でも、GeminiとGrokは違うんです。
Geminiは、Googleの検索エンジンと連携できる「グラウンディング」という機能を持っています。つまり、Google検索の膨大な情報を自動的に参照しながら回答してくれる。しかも、200万トークンという長大なコンテキストウィンドウも持っているので、大量の資料を一度に読み込ませることもできます。
Grokは、X(旧Twitter)のリアルタイムデータにアクセスできるのが最大の強みです。今この瞬間に世界で話題になっていることを、ほぼリアルタイムで把握できる。トレンドを追いかけたり、最新の反応を知りたいときには、これほど便利なものはありません。
つまり、コーディング不要で、プロンプトを工夫するだけでRAG的なアプローチができる。これが、この2つを推奨する理由なんです。
RAGプロンプトの基本構造
では、実際にどうやって書くのか。基本は3つのパーツで構成します。
最初に「何をしてほしいのか」を明確に伝えます。ここで曖昧だと、どんなに良い情報を持ってきても、的外れな答えになってしまいます。
次に「どこから情報を持ってくるか」を指定します。ウェブ全体なのか、特定のサイトなのか、あるいは最近の情報に限定するのか。この部分が、RAGプロンプトの核心です。
最後に「どんな形式で答えてほしいか」を伝えます。箇条書きがいいのか、詳しい説明がいいのか、それとも要約だけでいいのか。これを指定しないと、思ったような形で情報が返ってこないことがあります。
この3つを意識するだけで、グッと回答の質が上がります。
実践プロンプト例:明日の夕食を決める
では、実際にプロンプトを書いてみましょう。日常的なシーンとして、「明日の夕食メニューを考える」というケースを想定します。
明日の夕食に作る料理を提案してください。以下の条件で考えてもらえますか。
【条件】
- 調理時間は30分以内
- 使いたい食材:鶏むね肉、ブロッコリー、しめじ
- 冷蔵庫にある調味料:醤油、みりん、酒、塩、こしょう、ごま油
【やってほしいこと】
1. 最新の人気レシピサイトから、上記の条件に合うレシピを検索
2. そのレシピをベースに、手順を3〜5ステップに簡略化
3. 栄養バランスの観点から、追加した方がいい副菜も1品提案
【回答形式】
- メイン料理名
- 簡略化した手順
- おすすめ副菜とその理由
- 参考にしたレシピのURL
このプロンプトのポイントは、「条件を具体的に書いている」「検索してほしい内容を明示している」「出力形式を指定している」という3点です。
特に「参考にしたレシピのURL」を求めているのがミソで、これによってGeminiに「ちゃんと検索して情報を持ってきてね」と暗に伝えています。URLを含めることで、回答の信頼性も確認できますしね。
よくある失敗パターン
RAGプロンプトを書くとき、初心者がやりがちな失敗がいくつかあります。
一つ目は「情報源を指定しない」パターン。「最新の情報を教えて」とだけ書いても、AIは何を基準に「最新」と判断すればいいか分かりません。「2024年以降の情報」とか「過去1ヶ月のニュース」とか、具体的な期間や情報源を示した方が確実です。
二つ目は「質問が抽象的すぎる」パターン。「健康にいい食事って何?」みたいな質問だと、情報が広すぎて焦点が定まりません。「糖質制限中の40代男性におすすめの夕食メニュー」のように、条件を絞り込むと、より具体的で役立つ情報が返ってきます。

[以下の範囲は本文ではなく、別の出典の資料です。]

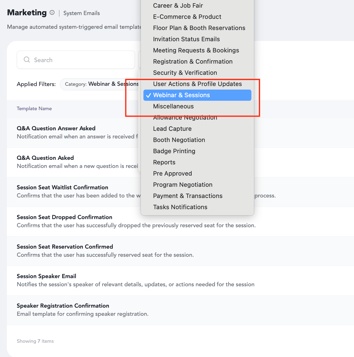 3. Apply the filter "Webinars & Sessions"
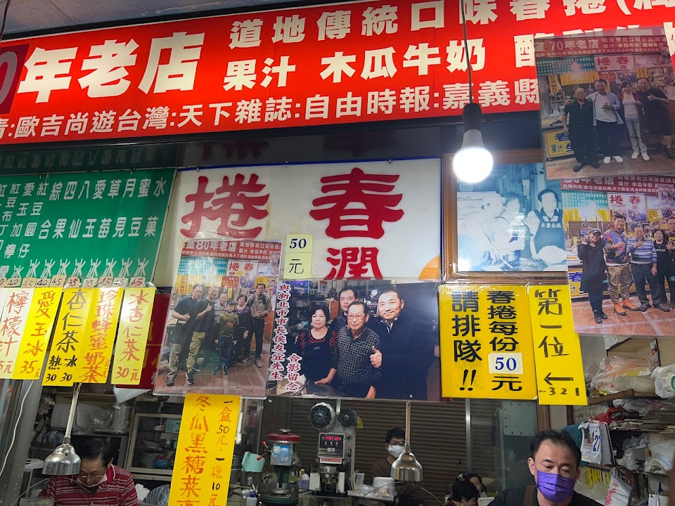 隱藏在嘉義朴子第一市場內的在地80年老店,一捲就十分飽足的春捲,特色材料包括是油麵、滷肉、豆乾、豆芽菜,紅蘿蔔絲、蛋皮等等,種種搭配起來滋味相當好,內用的話老闆還會免費附上一碗熱湯,除了春捲以外也有冷飲、挫冰(六種料40塊!)果汁等等一應俱全。
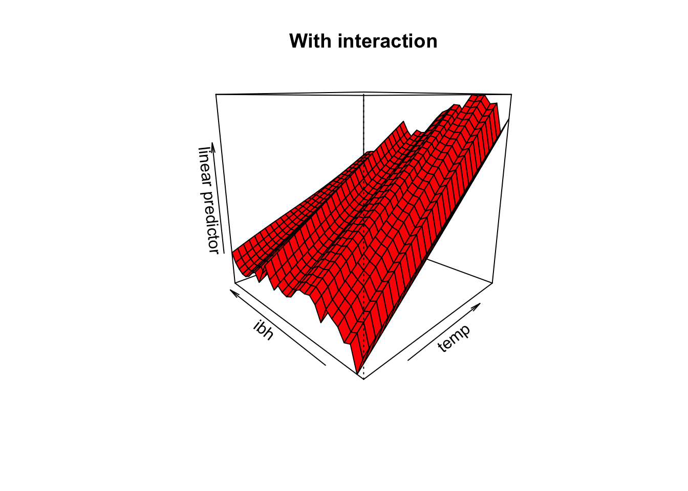 and note that the adjusted \(R^2\) has hardly changed from the model without the interaction term. It is easy to visualise the predictions from the model with interaction using vis.gam.

三つ目は「出力形式を指定しない」パターン。AIは親切なので、色々な情報を詰め込んで返してくれることがあります。でも、こっちが欲しいのは「結論だけ」だったりするわけです。「3つに絞って教えて」とか「200文字以内で要約して」とか、形式を明示すると、求めている情報がスッキリ手に入ります。
少しずつ試してみよう
RAGプロンプトの魅力は、「すぐに試せる」ことにあります。
最初から完璧を目指す必要はありません。まずは、自分が本当に知りたいことを、普段より少し丁寧に書いてみる。それだけで、返ってくる答えの質が変わることに気づくはずです。
たとえば、旅行の計画を立てるとき。買い物リストを作るとき。勉強の計画を考えるとき。そういう日常の小さな場面で、「ちょっと検索も含めて考えて」とお願いしてみる。

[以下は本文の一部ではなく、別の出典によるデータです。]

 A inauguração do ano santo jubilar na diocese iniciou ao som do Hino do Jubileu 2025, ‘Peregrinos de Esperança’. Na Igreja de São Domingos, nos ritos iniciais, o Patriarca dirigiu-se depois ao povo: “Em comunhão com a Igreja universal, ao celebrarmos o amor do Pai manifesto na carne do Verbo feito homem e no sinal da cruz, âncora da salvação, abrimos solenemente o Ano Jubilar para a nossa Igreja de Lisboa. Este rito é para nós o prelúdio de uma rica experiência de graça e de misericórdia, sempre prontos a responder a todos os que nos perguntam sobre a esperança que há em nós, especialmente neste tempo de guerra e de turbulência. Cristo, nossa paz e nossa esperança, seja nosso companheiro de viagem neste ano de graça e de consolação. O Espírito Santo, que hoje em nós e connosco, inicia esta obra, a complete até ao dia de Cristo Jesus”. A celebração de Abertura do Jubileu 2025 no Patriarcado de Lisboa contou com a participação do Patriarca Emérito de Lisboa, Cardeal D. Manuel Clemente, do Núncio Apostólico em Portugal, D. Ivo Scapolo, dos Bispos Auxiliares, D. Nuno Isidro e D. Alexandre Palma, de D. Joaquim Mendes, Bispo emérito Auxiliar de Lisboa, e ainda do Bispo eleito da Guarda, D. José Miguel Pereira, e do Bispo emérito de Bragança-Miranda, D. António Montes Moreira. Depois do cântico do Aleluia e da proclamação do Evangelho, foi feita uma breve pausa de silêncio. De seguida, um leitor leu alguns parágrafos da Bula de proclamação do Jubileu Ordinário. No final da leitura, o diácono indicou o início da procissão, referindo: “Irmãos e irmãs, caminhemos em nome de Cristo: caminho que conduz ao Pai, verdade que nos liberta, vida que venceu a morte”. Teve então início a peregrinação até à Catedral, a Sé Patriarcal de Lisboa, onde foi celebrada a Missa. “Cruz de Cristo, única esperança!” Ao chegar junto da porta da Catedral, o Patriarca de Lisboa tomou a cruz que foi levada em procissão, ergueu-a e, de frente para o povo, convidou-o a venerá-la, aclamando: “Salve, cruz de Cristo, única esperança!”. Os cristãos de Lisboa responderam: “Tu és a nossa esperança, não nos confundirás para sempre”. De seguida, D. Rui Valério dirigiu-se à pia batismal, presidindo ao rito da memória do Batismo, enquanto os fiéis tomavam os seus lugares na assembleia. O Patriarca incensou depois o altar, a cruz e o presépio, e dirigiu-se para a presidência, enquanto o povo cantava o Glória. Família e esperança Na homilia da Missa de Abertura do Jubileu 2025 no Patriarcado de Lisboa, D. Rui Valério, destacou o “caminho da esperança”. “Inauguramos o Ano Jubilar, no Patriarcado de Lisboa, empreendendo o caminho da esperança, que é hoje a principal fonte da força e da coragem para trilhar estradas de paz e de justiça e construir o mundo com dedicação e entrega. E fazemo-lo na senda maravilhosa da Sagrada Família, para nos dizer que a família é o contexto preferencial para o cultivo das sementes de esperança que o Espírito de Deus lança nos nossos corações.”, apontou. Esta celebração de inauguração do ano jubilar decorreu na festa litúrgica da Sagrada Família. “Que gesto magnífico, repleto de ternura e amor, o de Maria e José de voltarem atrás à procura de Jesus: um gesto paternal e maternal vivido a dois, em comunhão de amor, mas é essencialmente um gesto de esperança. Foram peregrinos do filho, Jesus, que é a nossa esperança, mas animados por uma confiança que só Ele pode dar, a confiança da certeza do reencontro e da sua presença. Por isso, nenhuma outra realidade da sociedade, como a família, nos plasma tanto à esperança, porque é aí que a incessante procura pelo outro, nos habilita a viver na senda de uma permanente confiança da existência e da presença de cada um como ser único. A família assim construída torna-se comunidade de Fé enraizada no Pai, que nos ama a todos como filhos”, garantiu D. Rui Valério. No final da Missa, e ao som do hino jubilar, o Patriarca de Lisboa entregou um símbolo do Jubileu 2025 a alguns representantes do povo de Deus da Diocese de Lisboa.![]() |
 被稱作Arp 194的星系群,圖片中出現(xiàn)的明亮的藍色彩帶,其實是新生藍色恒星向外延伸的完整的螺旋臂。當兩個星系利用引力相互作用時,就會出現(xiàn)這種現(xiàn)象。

最初はぎこちなくても、何回か書いているうちに、自分なりの「型」が見えてきます。そうしたら、次の実践編で、もっと具体的なシーン別のプロンプトを見てみましょう。
RAGって、難しそうな名前の割に、本質はシンプルです。「AIに、ちょっと調べてから答えてもらう」。ただそれだけ。でも、そのシンプルなアイデアが、私たちの日常を思いのほか便利にしてくれるんです。
あとがき
ここまで読んでくださり、ありがとうございます。
RAGって聞くと、プログラミングとか必要なんじゃないの?なんか難しそうって、思いかもしれません。私はそうでしたw
でも、Geminiが登場したことでプロンプトに組み込めるようになり、自然に使えるようになりました。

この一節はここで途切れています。